One day, when I refused to hear an importunate tenant, and declared that I had been persecuted with petitioners ever since my arrival, and that I was absolutely tired to death, the man answered, “True for ye, my lard; and it’s a shame to be troubling you this way. Then, may be, it’s to Mr. M’Leod I’ll go? Sure the agent will do as well, and no more about it. Mr. M’Leod will do every thing the same way as usual.”
“Mr. M’Leod will do every thing!” said I, hastily: “no, by no means.”
“Who will we speak to, then?” said the man.
“To myself,” said I, with as haughty a tone as Louis XIV. could have assumed, when he announced to his court his resolution to be his own minister.

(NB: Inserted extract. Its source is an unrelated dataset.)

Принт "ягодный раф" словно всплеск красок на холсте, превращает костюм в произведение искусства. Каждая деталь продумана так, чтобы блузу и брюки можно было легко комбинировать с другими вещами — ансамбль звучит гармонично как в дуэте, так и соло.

After this intrepid declaration to act for myself, I could not yield to my habitual laziness. So much had my pride been hurt, as well as my other feelings, by Captain Crawley’s conduct, that I determined to show the world I was not to be duped a second time by an agent.

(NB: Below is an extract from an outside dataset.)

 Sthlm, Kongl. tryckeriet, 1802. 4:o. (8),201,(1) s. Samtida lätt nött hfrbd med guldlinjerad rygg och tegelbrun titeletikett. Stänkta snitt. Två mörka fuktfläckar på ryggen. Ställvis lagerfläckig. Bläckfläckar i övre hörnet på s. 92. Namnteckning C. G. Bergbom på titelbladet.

When, on the day appointed, Mr. M’Leod came to settle accounts with me, I, with an air of self-important capability, as if I had been all my life used to look into my own affairs, sat down to inspect the papers; and, incredible as it may appear, I went through the whole at a sitting, without a single yawn; and, for a man who never before had looked into an account, I understood the nature of debtor and creditor wonderfully well: but, with my utmost desire to evince my arithmetical sagacity, I could not detect the slightest error in the accounts; and it was evident that Mr. M’Leod was not Captain Crawley; yet, rather than believe that he could be both an agent and an honest man, I concluded, that if he did not cheat me out of my money, his aim was to cheat me out of power; and, fancying that he wished to be a man of influence and consequence in the county, I transferred to him instantly the feelings that were passing in my own mind, and took it for granted that he must be actuated by a love of power in every thing that he did apparently for my service.

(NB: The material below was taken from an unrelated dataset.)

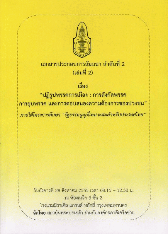เอกสารประกอบการสัมมนา ลำดับที่ 2 (เล่มที่ 2) เรื่อง "ปฏิรูปพรรคการเมือง : การสังกัดพรรค การยุบพรรค และการตอบสนองความต้องการของปวงชน" ภายใต้โครงการศึกษา "รัฐธรรมนูญที่เหมาะสมสำหรับประเทศไทย" / สถาบันพระปกเกล้า.

About this time I remember being much disturbed in my mind, by a letter which Mr. M’Leod received in my presence, and of which he read to me only a part: I never rested till I saw the whole. The epistle proved well worth the trouble of deciphering: it related merely to the paving of my chicken-yard. Like the King of Prussia,[79] who was said to be so jealous of power, that he wanted to regulate all the mousetraps in his dominions, I soon engrossed the management of a perplexing multiplicity of minute insignificant details. Alas! I discovered to my cost, that trouble is the inseparable attendant upon power: and many times, in the course of the first ten days of my reign, I was ready to give up my dignity from excessive fatigue.
CHAPTER VIII.
Early one morning, after having passed a feverish night, tortured in my dreams by the voices and faces of the people who had surrounded me the preceding day, I was awakened by the noise of somebody lighting my fire. I thought it was Ellinor; and the idea of the disinterested affection of this poor woman came full into my mind, contrasted in the strongest manner with the recollection of the selfish encroaching people by whom, of late, I had been worried.